◆ Problem requirements
Among the entries that follow, locate the line with "Um homem mais" and the line with "Digital Multimeter DT830D". Output those lines and all lines in between, exactly, minus the pictures.

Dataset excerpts
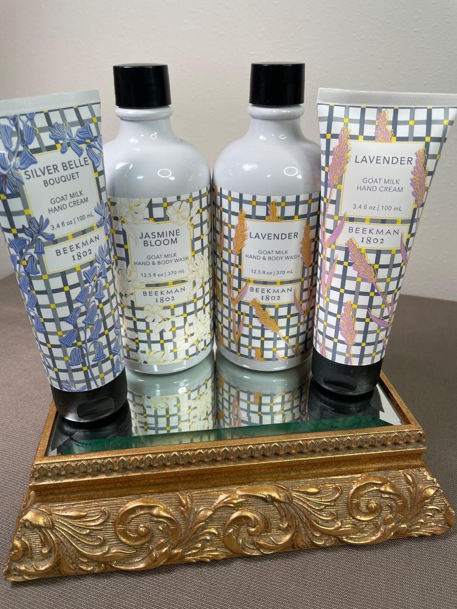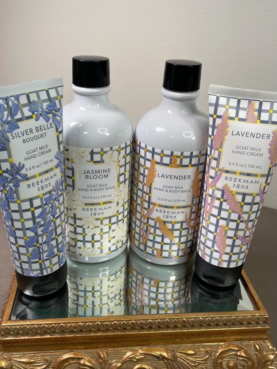 4 piece set. New and sealed. GOAT milk hand lotions and hand & body wash. See pics for scents.
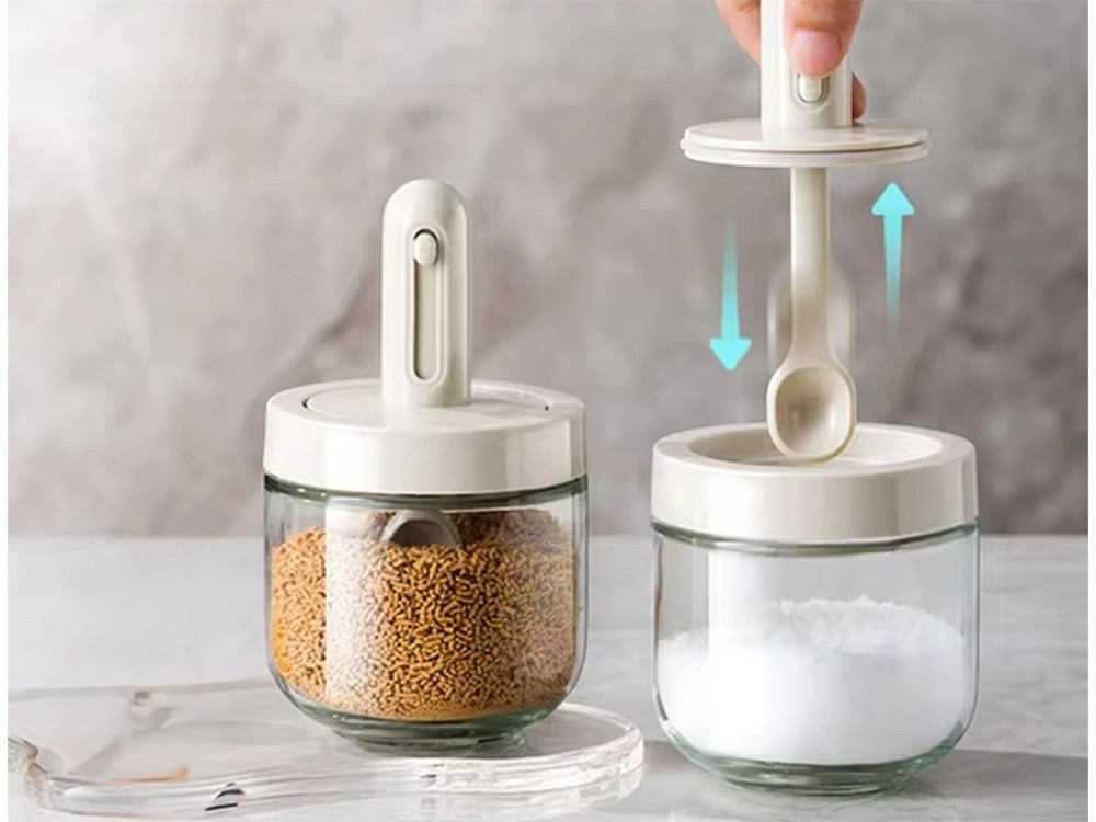 Borcanul pentru condimente cu linguriță integrată în capac este soluția practică pentru depozitarea și dozarea rapidă a ingredientelor utilizate zilnic. Designul modern și funcțional îl face perfect pentru zahăr, sare, cafea, condimente sau pudre alimentare.
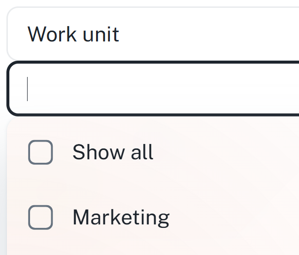 On this panel, you can filter by organizational structure or work unit. The organizational structure is divided into individual companies, which are then further divided into their own organizational structure – for example, IT, Presentation, Sales, etc.
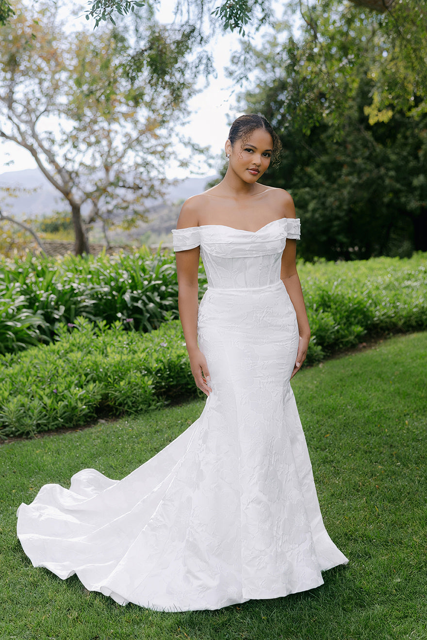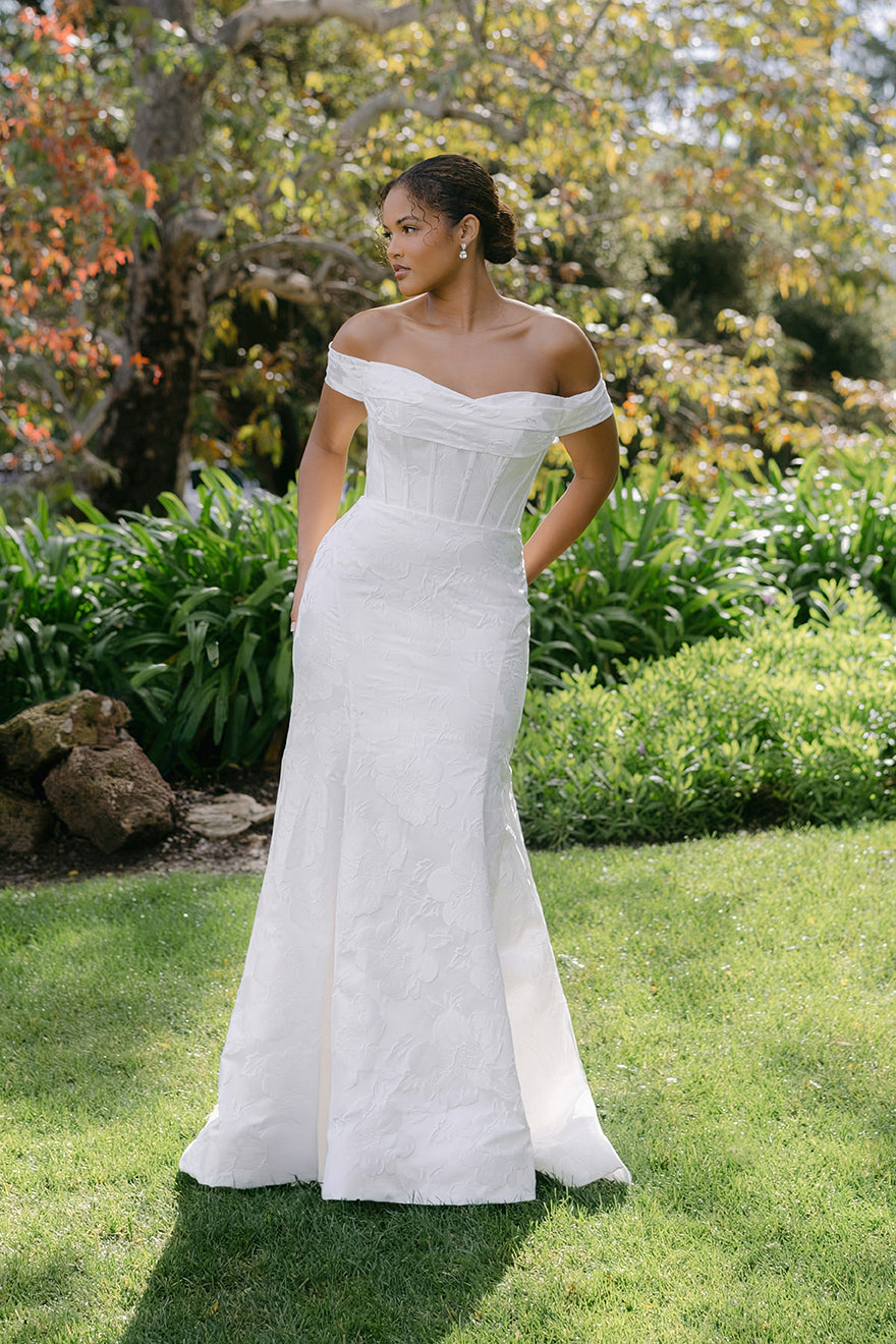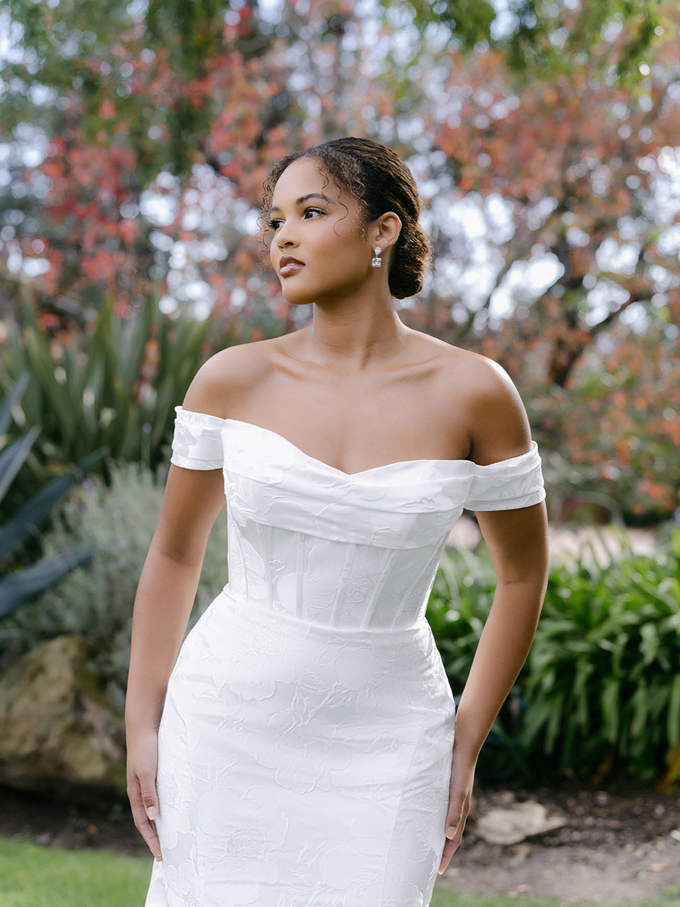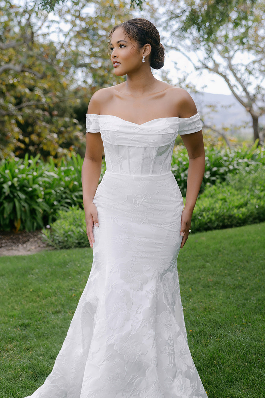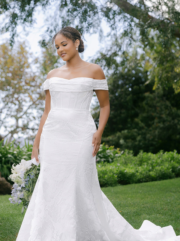 Floral-embossed jacquard lends timeless, vintage appeal to this fit and flare, off-shoulder gown: The Gloria.
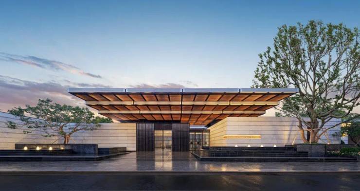 门庭礼序,从阅江楼和鼓楼建筑中汲取灵感,以屋檐三叠式设计,呈现“华盖门仪”的归园秩序,入内,仪式感单元入户大堂,铺展生活序章;多处采用经典复古格栅花窗,隔而不断,精致logo印记彰显文雅于无形。
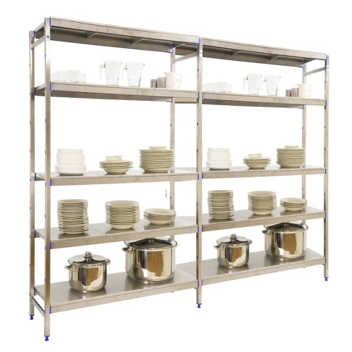 Estantería de acero inoxidable que aguanta hasta 30º bajo cero y es perfecta para la organización y manipulación de alimentos. Esta Estantería tiene 5 estantes y sus bandejas tienen una capacidad de carga de 200 kgs cada una. El montaje es muy sencillo y rápido con su sistema sin tornillos y tiene unas dimensiones de 1600x2490x500 mms.
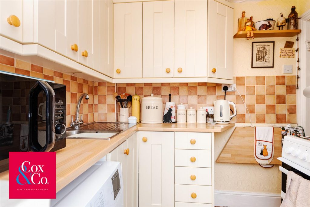 Stepping inside, the property opens into a well-presented kitchen, setting a homely tone as you move through the apartment. Towards the rear, you’ll find two bedrooms: a comfortable double bedroom and a versatile single room ideal as a home office or guest space.
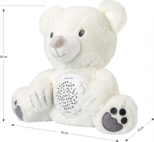 Pluchen speelgoed met projector Milly is de perfecte hulp voor ouders bij het kalmeren en in slaap brengen van baby's. Bij het starten van de projector wordt willekeurig gekozen uit 10 slaapliedjes terwijl de sterrenhemel wordt geprojecteerd.
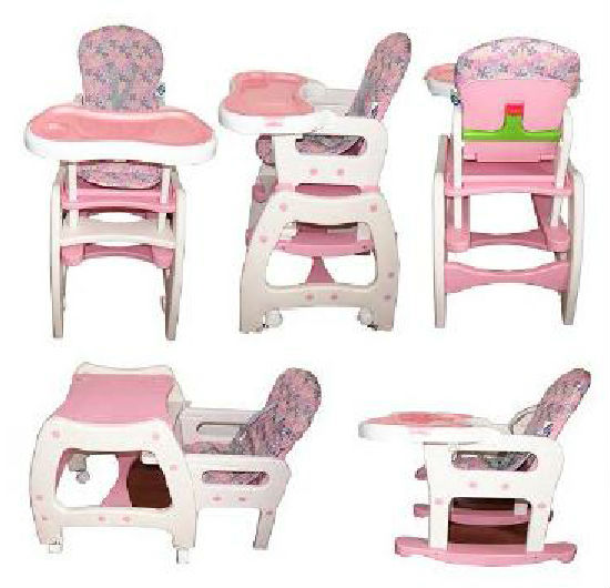 High Chair could be combined to be writing table. Suitable for baby after 3 years old. You will find a new product after install the rocking horse accessories.
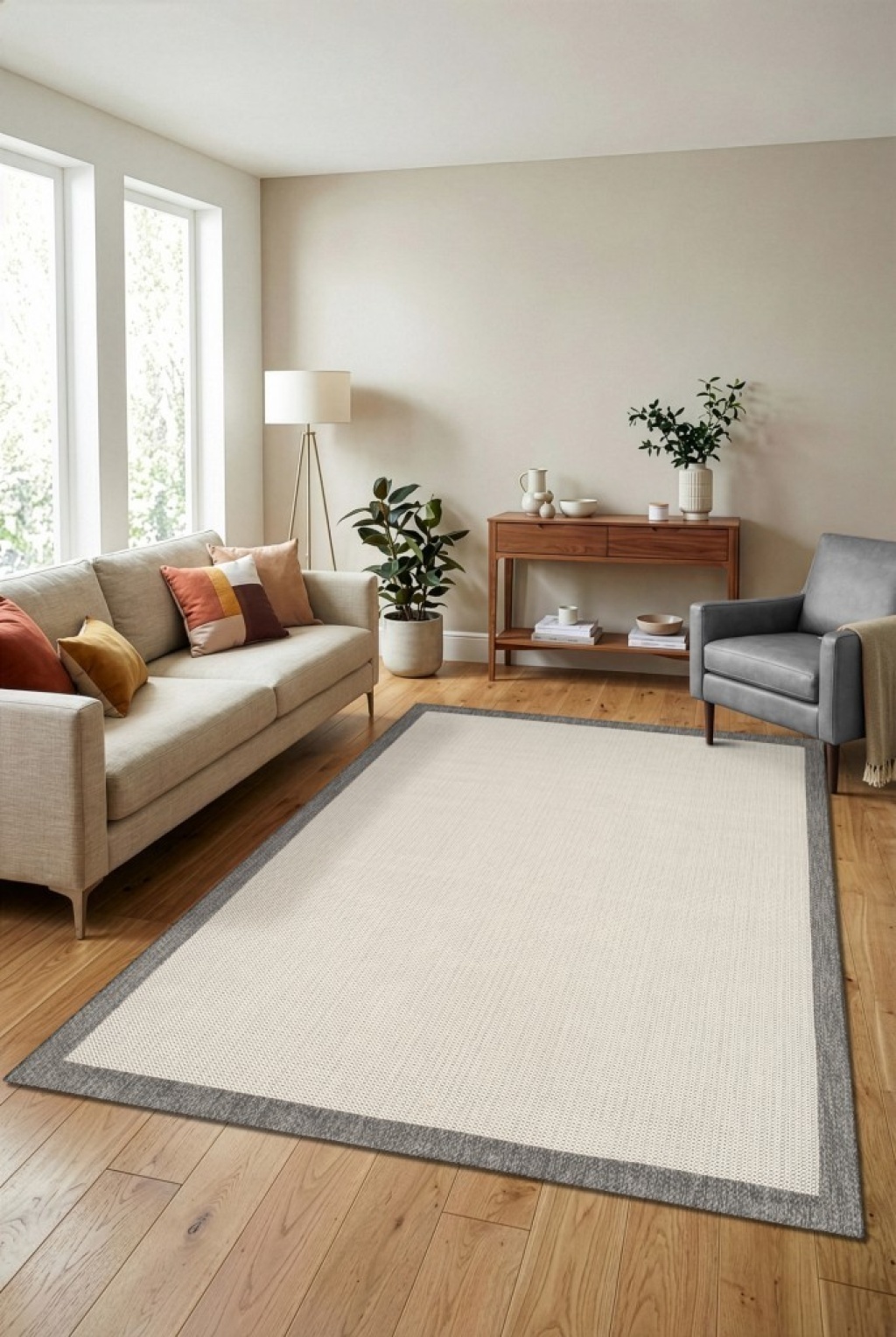Çerçeveli Bohem Dokunuşlu Doğal Tonlarda Modern Sisal Krem Gri Renk Halı
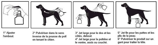 Pulvériser le produit sur les animaux à l'air libre ou dans une pièce bien aérée.
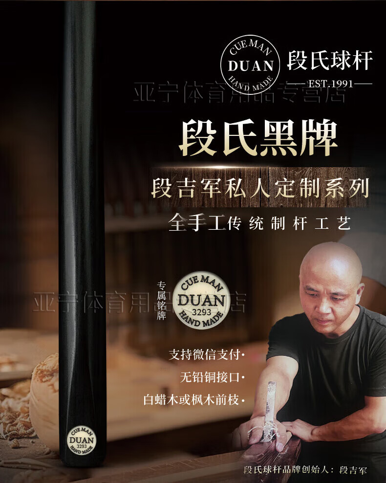 Duan's cue Duan Jijun brand billiard cue black eight 8 snooker segment type black label green label gold medal black Tong square brand custom small head stick Duan's green label full ebony black Tong + Duan's aluminum box
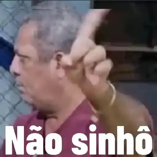 Um homem mais velho com cabelo grisalho e uma camisa rosa aponta o dedo indicador para cima com uma expressão facial séria. A imagem tem o texto 'Não sinhô' em letras brancas na parte inferior.
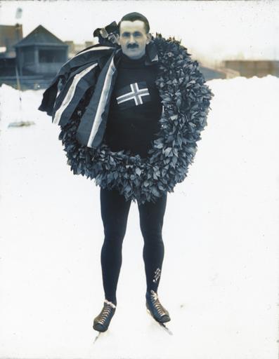 Keywords: lysbilder kjente personer kjentepersoner idrettsutøvere aktiviteter idrett idrettsanlegg skøytebaner portretter norge Dias. Portrett av skøyteløperen Oscar Mathisen stående på skøyter på isen med en stor krans om halsen. Dias. Portrett av skøyteløperen Oscar Mathisen stående på skøyter på isen med en stor krans om halsen. |
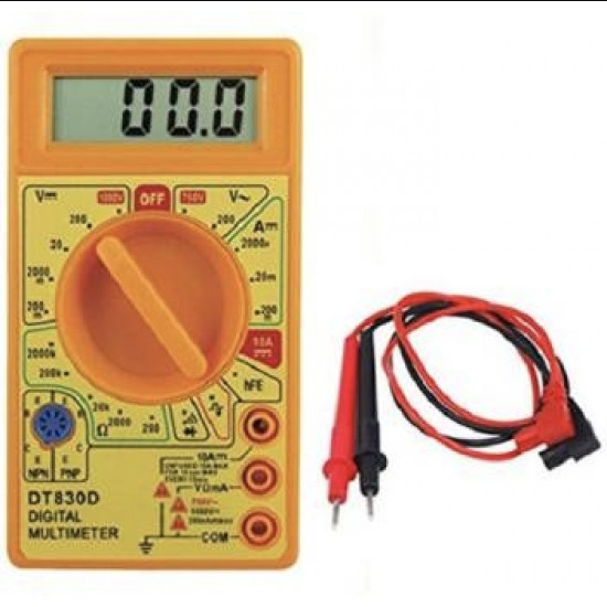 Digital Multimeter DT830D Yellow Color - 1000V DC/750V AC comes with 1M Ohm Impedance is Standard Diagnostic Tool to Measure Two or More Electrical Values Such as Voltage, Current and Resistance. It uses digital and logic technology using integrated circuit technology to offer additional test capabilities.
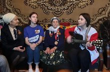 Җиңү волонтерлары, Яшь гвардиячеләр һәм Ветераннар советы рәисе З.И. Хөснетдинова белән берлектә, тыл хезмәтчәннәре Хәмидуллина Ръкия һәм Хәсәнова Камарияне Бөек Ватан сугышында Җиңүнең 78 еллыгы белән котладылар. Балалар җырлар башкардылар һәм бәйрәм белән котладылар. Без ел саен үткәргән бу акциядә актив катнашабыз. Бөек Җиңүгә керткән өлешләре һәм сугыштан соңгы еллардагы хезмәтләре өчен рәхмәтләребезне белдерәбез. Без аларның батырлыгын мәңге кадерләрбез, истә тотарбыз һәм горурланырбыз.

◆ Answer space
 Um homem mais velho com cabelo grisalho e uma camisa rosa aponta o dedo indicador para cima com uma expressão facial séria. A imagem tem o texto 'Não sinhô' em letras brancas na parte inferior.
 Keywords: lysbilder kjente personer kjentepersoner idrettsutøvere aktiviteter idrett idrettsanlegg skøytebaner portretter norge Dias. Portrett av skøyteløperen Oscar Mathisen stående på skøyter på isen med en stor krans om halsen. Dias. Portrett av skøyteløperen Oscar Mathisen stående på skøyter på isen med en stor krans om halsen. |
 Digital Multimeter DT830D Yellow Color - 1000V DC/750V AC comes with 1M Ohm Impedance is Standard Diagnostic Tool to Measure Two or More Electrical Values Such as Voltage, Current and Resistance. It uses digital and logic technology using integrated circuit technology to offer additional test capabilities.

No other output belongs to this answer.